Naperville North's girls merely reload. Coach Dan Iverson's Huskies, Class 3A champs three of the past five seasons, including 2016 with a young squad, head the coaches poll. Downers Grove South, Hinsdale Central rank Nos. 3-4 followed by Glenbard West, whose Katelynne Hart and Lindsay Payne went 1-2 at state last year.

WW South and Naperville Central also are in the top 15 with Benet, Neuqua Valley and York in the next tier.

Shifting gears

Sept. 1 was a bittersweet day for Kate McNamara, she wrote in an emailed reply to the Daily Herald - sad to be leaving the support of Glenbard North but happy and excited to enter a new chapter in a life that, for good and bad, has become very interesting.

Recapping a story we followed before summer, McNamara is a 2005 Glenbard South graduate who since a wakeboarding wipeout in 2012 has made lemonade from lemons in the form of a succession of health challenges.

A car accident here, a bike spill there, by 2016 she was in surgery to repair a flattened lumbosacral joint and herniated disc. That got fixed, but other things arose such as blood clots, swelling and pain in her left leg and nerve problems that, as we wrote back in May, contributed to hip and foot issues that prevent her walking any real distance.

Not content to sit and stew, McNamara connected with a wheelchair softball team that finished eighth in the 2016 Wheelchair Softball World Series.
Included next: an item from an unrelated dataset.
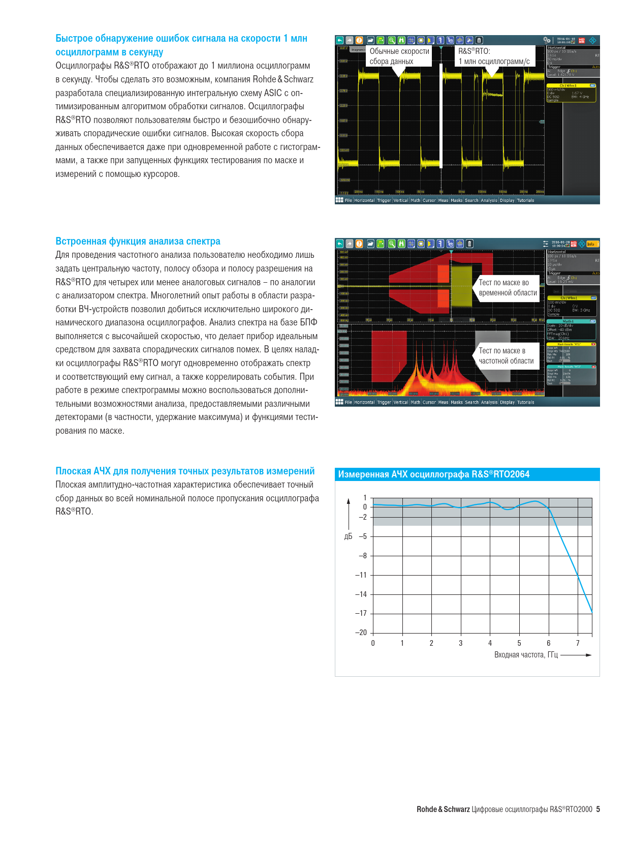 Быстрое обнаружение ошибок сигнала на скорости 1 млн осциллограмм в секунду Обычные скорости R&S®RTO: сбора данных 1 млн осциллограмм/с Осциллографы R&S®RTO отображают до 1 миллиона осциллограмм в секунду. Чтобы сделать это возможным, компания Rohde & Schwarz разработала специализированную интегральную схему ASIC с оп- тимизированным алгоритмом обработки сигналов. Осциллографы R&S®RTO позволяют пользователям быстро и безошибочно обнару- живать спорадические ошибки сигналов. Высокая скорость сбора данных обеспечивается даже при одновременной работе с гистограм- мами, а также при запущенных функциях тестирования по маске и измерений с помощью курсоров. Встроенная функция анализа спектра Для проведения частотного анализа пользователю необходимо лишь задать центральную частоту, полосу обзора и полосу разрешения на R&S®RTO для четырех или менее аналоговых сигналов – по аналогии Тест по маске во временной области с анализатором спектра. Многолетний опыт работы в области разра- ботки ВЧ-устройств позволил добиться исключительно широкого ди- намического диапазона осциллографов. Анализ спектра на базе БПФ выполняется с высочайшей скоростью, что делает прибор идеальным средством для захвата спорадических сигналов помех. В целях налад- Тест по маске в частотной области ки осциллографы R&S®RTO могут одновременно отображать спектр и соответствующий ему сигнал, а также коррелировать события. При работе в режиме спектрограммы можно воспользоваться дополни- тельными возможностями анализа, предоставляемыми различными детекторами (в частности, удержание максимума) и функциями тести- рования по маске. Плоская АЧХ для получения точных результатов измерений Измеренная АЧХ осциллографа R&S®RTO2064 Плоская амплитудно-частотная характеристика обеспечивает точный сбор данных во всей номинальной полосе пропускания осциллографа 1 0 R&S®RTO. –2 дБ –5 –8 –11 –14 –17 –20 0 1 2 3 4 5 6 7 Входная частота, ГГц Rohde & Schwarz Цифровые осциллографы R&S®RTO2000 5 RTO2000_bro_ru_3607-2684-18_v0700.indd 5 11.04.2017 10:13:10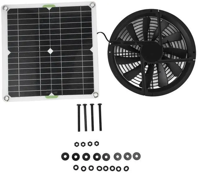 Premium Solar Panel Fan Kit 10in 100W Waterproof Solar Panel Round Ventilation Case Exhaust Fan for Chicken Coop Greenhouse Shed

This spring, while serving as a special education assistant and assistant girls track coach at Glenbard North, she rekindled a junior high and College of DuPage passion in discus and shot put. Though McNamara fell short of her goal to advance to world competition she placed second in discus and fourth in shot put at the U.S. Paralympics Track & Field National Championships in Los Angeles.

Now, a fresh turn.

This summer McNamara attended a wheelchair basketball camp, where she was asked to attend graduate school at Wisconsin-Whitewater and play wheelchair basketball there. Having previously earned a bachelor's degree from Eastern Illinois, she had been in Northern Illinois' graduate program to be a learning behavior specialist. At Whitewater she'll play basketball and switch her major to counseling.

McNamara said Sept. 1 would be a "hard day" due to leaving the Glenbard North family that "is why I am where I am today," she wrote in the email.

"It needed to be a golden opportunity for me to depart Glenbard North," she said, "and indeed it has been."